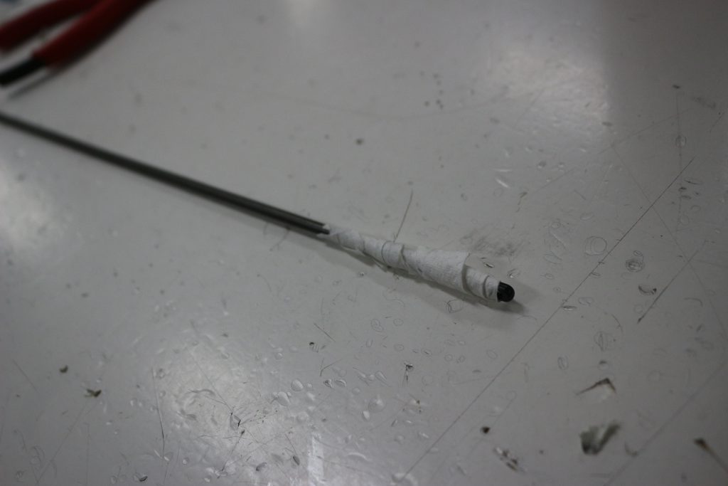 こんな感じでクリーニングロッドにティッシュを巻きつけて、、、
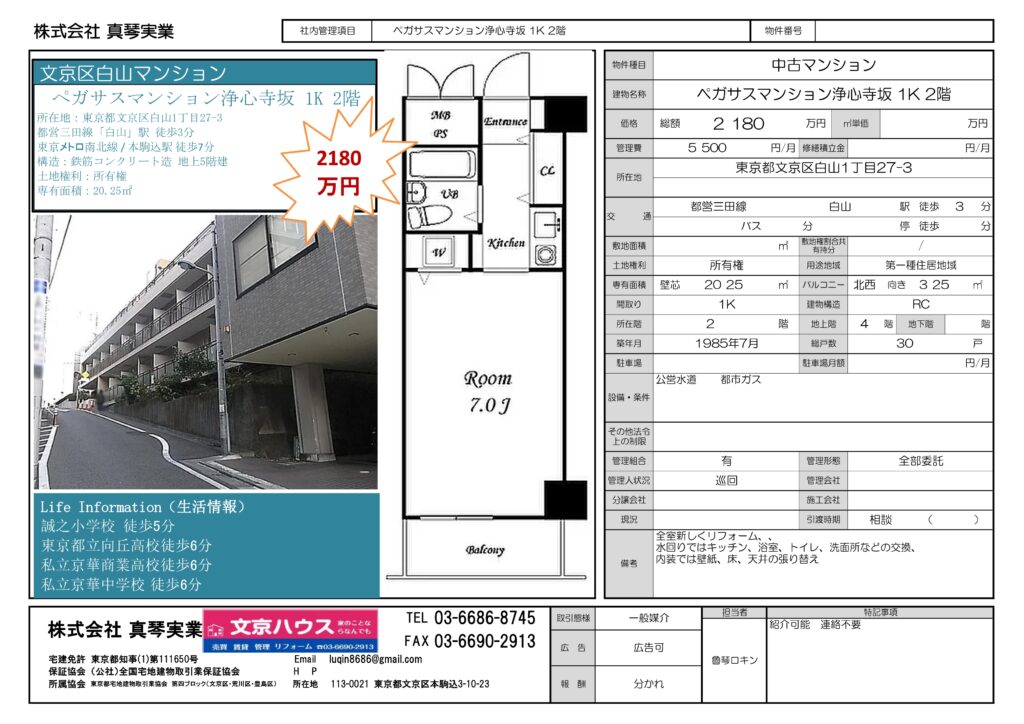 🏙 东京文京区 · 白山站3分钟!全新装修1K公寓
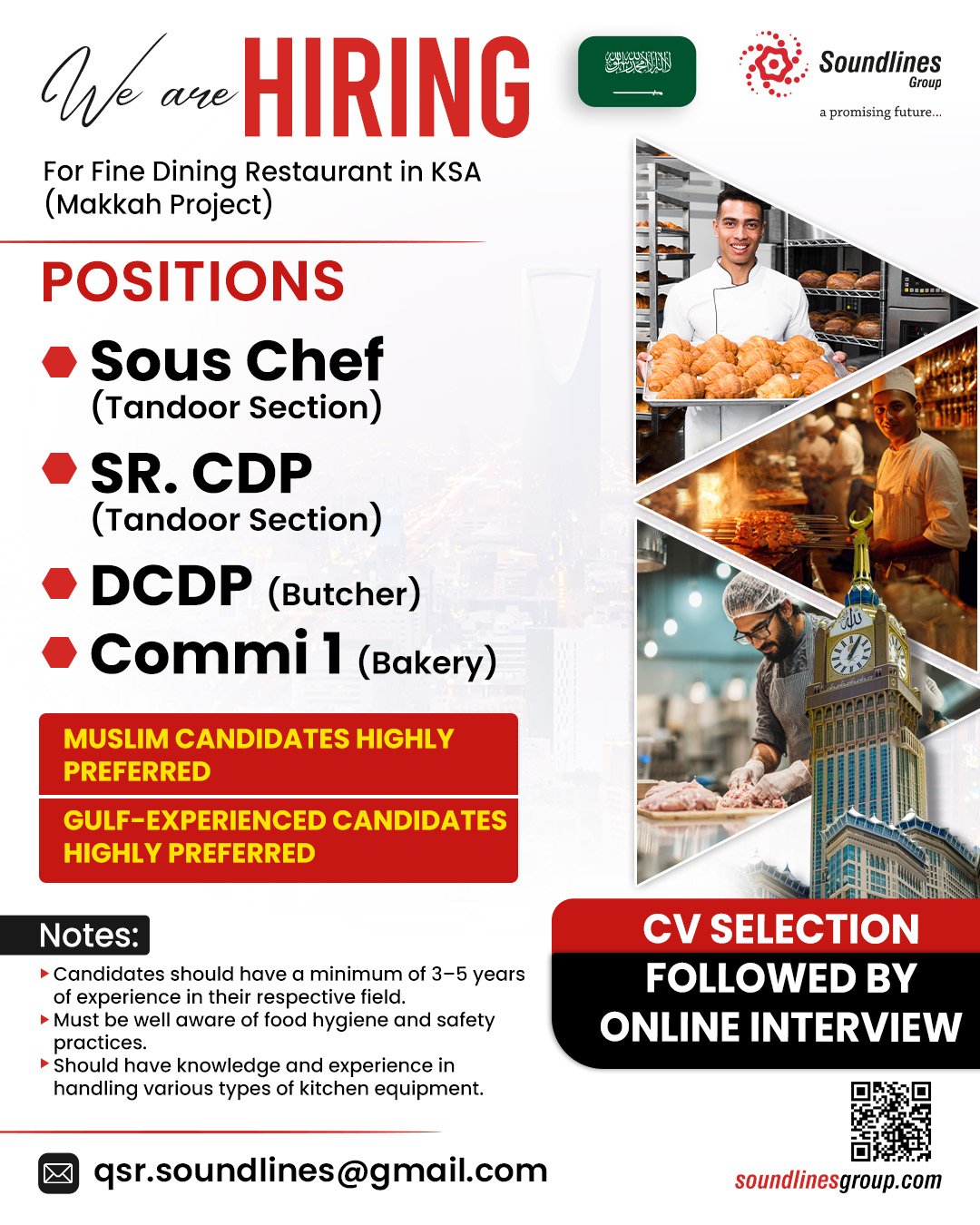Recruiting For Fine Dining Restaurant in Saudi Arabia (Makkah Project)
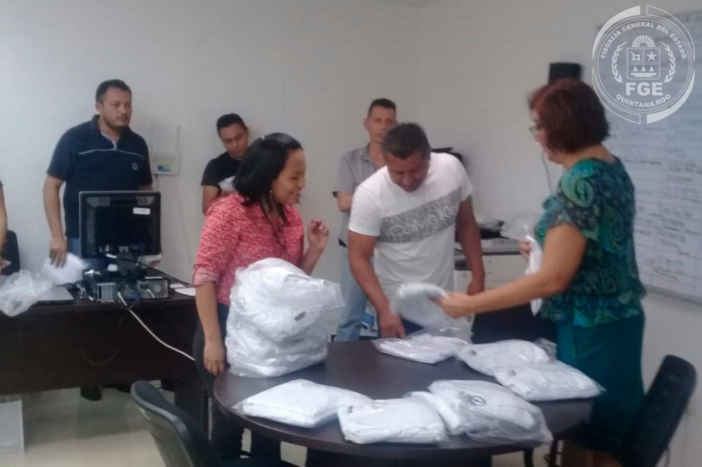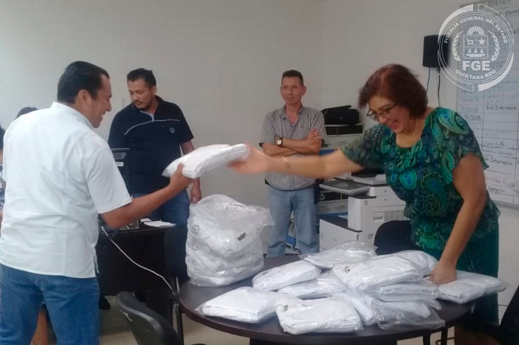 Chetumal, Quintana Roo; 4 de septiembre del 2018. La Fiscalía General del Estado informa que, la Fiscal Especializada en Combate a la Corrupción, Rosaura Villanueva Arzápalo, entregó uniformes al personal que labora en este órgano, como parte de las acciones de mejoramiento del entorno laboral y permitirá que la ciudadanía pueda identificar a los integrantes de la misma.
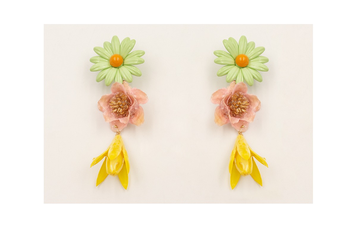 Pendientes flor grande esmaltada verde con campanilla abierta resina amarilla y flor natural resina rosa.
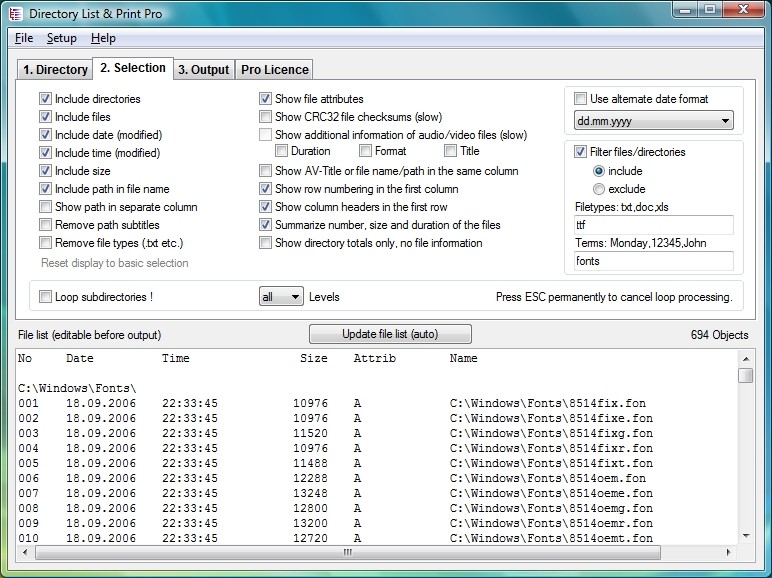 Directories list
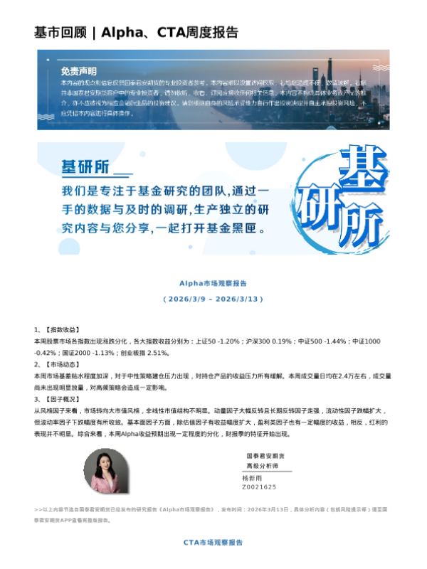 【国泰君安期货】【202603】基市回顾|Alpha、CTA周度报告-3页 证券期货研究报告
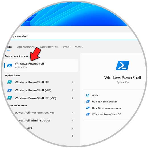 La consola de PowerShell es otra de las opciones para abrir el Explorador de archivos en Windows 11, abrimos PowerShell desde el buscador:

...

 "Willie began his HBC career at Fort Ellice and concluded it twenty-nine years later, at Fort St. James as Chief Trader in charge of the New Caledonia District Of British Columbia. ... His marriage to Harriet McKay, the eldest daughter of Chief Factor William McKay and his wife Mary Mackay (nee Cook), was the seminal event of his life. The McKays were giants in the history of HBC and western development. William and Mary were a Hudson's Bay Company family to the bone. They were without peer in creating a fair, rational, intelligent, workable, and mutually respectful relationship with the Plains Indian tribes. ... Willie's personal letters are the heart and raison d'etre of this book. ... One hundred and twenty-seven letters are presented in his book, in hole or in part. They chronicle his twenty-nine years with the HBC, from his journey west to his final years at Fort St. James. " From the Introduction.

Your assignment:
Starting at the line with "Pendientes flor grande" in the entries above, write out every line exactly until the line with "La consola de" has been written. Include no pictures and nothing more.

Result:
 Pendientes flor grande esmaltada verde con campanilla abierta resina amarilla y flor natural resina rosa.
 Directories list
 【国泰君安期货】【202603】基市回顾|Alpha、CTA周度报告-3页 证券期货研究报告
 La consola de PowerShell es otra de las opciones para abrir el Explorador de archivos en Windows 11, abrimos PowerShell desde el buscador:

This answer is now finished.